Dude, you are way too easy to entertain.
I bet you’re even a cheap drunk. I used to be, by scheduling my drinking after I had donated blood.
Beer= Carlsberg or Sam Adams.
Champagne= Dom Perignon.
If you can drink Sam Adams, you can drink Straub.
Come on out. We’ll see how much it costs.
Learned about Bin Ladin, and am looking at TV now.
Maybe if I get a pair of German sandals. *\;^)
(Waiting for the cablecar I suspected the couple in front of me of being German. Not sure why, but something said they were. I became sure when I noted he was wearing a certain kind of sandals despite the cowboy hat. When they spoke, it was confirmed.)
I misread that as “Dancing with the STAIRS” which brought to mind horrible things.
Better keep the scorps happy, they get all myrmidon on you if you are late with their food.
Anteater Assassins, no flamingo is safe!
With ‘endless loop/repeat’ feature.
Note the empty bowl behind the sea of Annoyed Ears.
Obviously they were all staring at the bowl.
Upon hearing the distinct sound of ‘human walking in’ they all slowly swiveled to stare at the unfortunate being under their hex vision.
Finally!
Some news I can believe!!!
;-)
What a way to start the week.
Yes, an episode of “Dancing with the Stairs” starring “oops the human” and the Kitteh Overlords.
LOL! That was good!
I’m going out to plant some peas and carrots before it gets hot.

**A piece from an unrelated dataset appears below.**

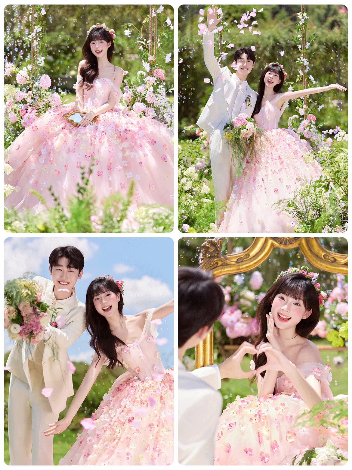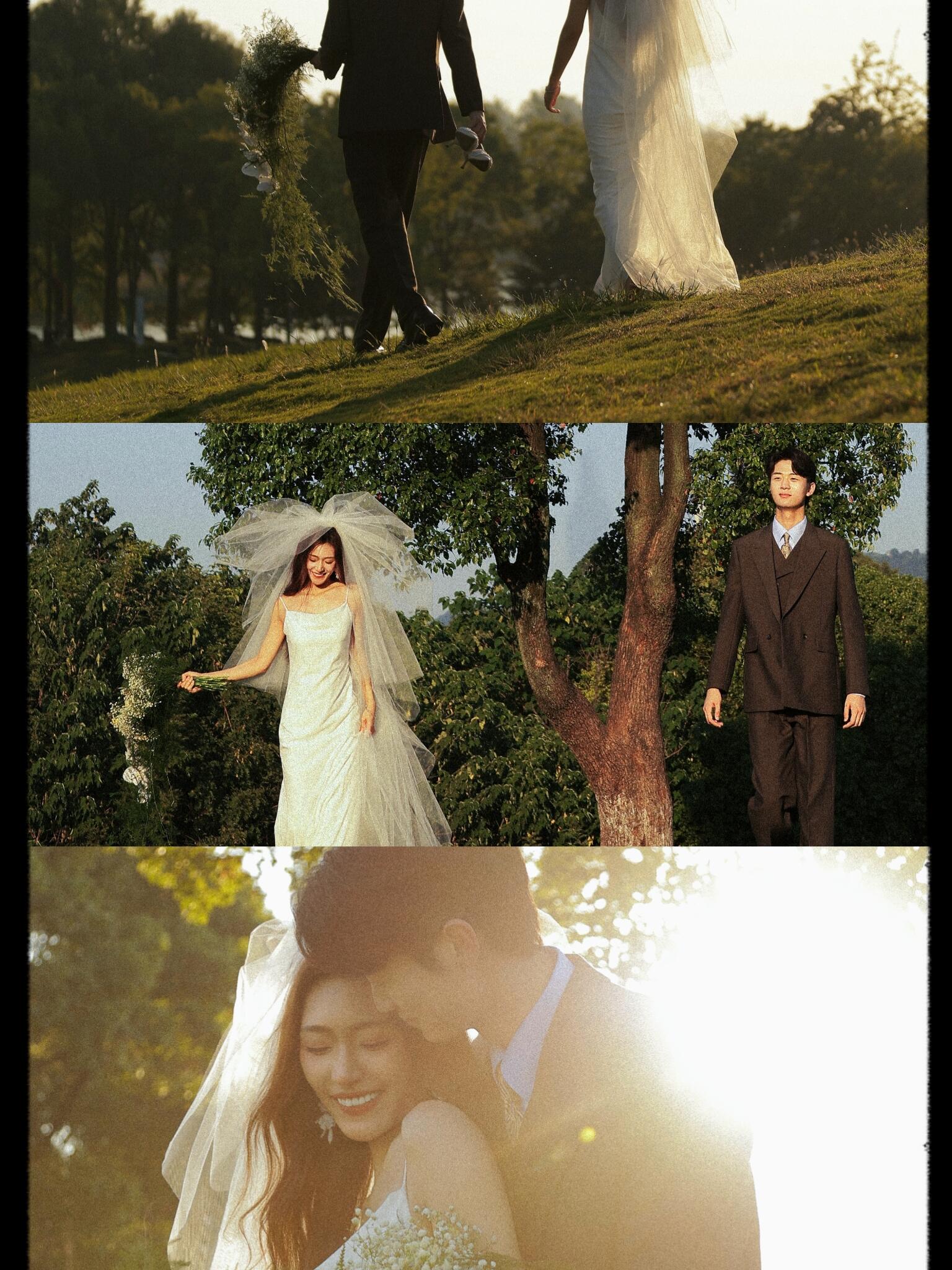 • #复古胶片婚纱照必拍大草坪中央 阳光晴好时,草坪像一块翠绿的绒毯,新人手牵手奔跑或静坐,让白纱在风里自然舒展,背景干净又清新,仿佛闯入童话里的秘密花园。 林荫步道 沿着树木错落的步道走,让摄影师从侧面抓拍,阳光透过树叶洒下斑驳光影,白纱与深棕树干形成色彩对比,氛围感直接拉满! 📸 拍摄小技巧 - 服装选轻盈的拖尾白纱,搭配简约头纱,在草坪上跑动时更有动态美感; ​ - 时间选上午 9 - 10 点或下午 3 - 5 点,光线柔和不刺眼,出片更有质感; ​ - 可以带一束简约花束当道具,蹲在草坪上互动时,花束能让画面更生动~

My luck I’d be clubbed with a pangolin.
They are sneaky little buggers.
I dunno what it is with these secretive government agencies and running down my lawn gnome. They practice in my yard all the time. Never ends. I’m out in the yard and hear “whop whop whop whop whop”.. Naturally I look at my shoes to make sure I didn’t step on anything before looking around.
A voice yells at me to ‘get down’ with my ‘hands up’.
Complete nonsense, so I ask “what?!”
Finally I notice the huge helicopter hovering over my pool.
Guy must’ve been looking for somewhere to go fishing or something.
He was gesticulating wildly and waving his arms frantically.
I knew what was coming next, and sure enough, an urban assault vehicle comes tearing up into my yard and thumps down my lawn gnome.
Just like last week.
I walked past a vehicle parked out in front of my house.
Guy inside it says, “He’s home.”
I ignored the ninjas jumping out my windows, they’re always ninjas jumping out my windows for some reason, and wandered up to my front door.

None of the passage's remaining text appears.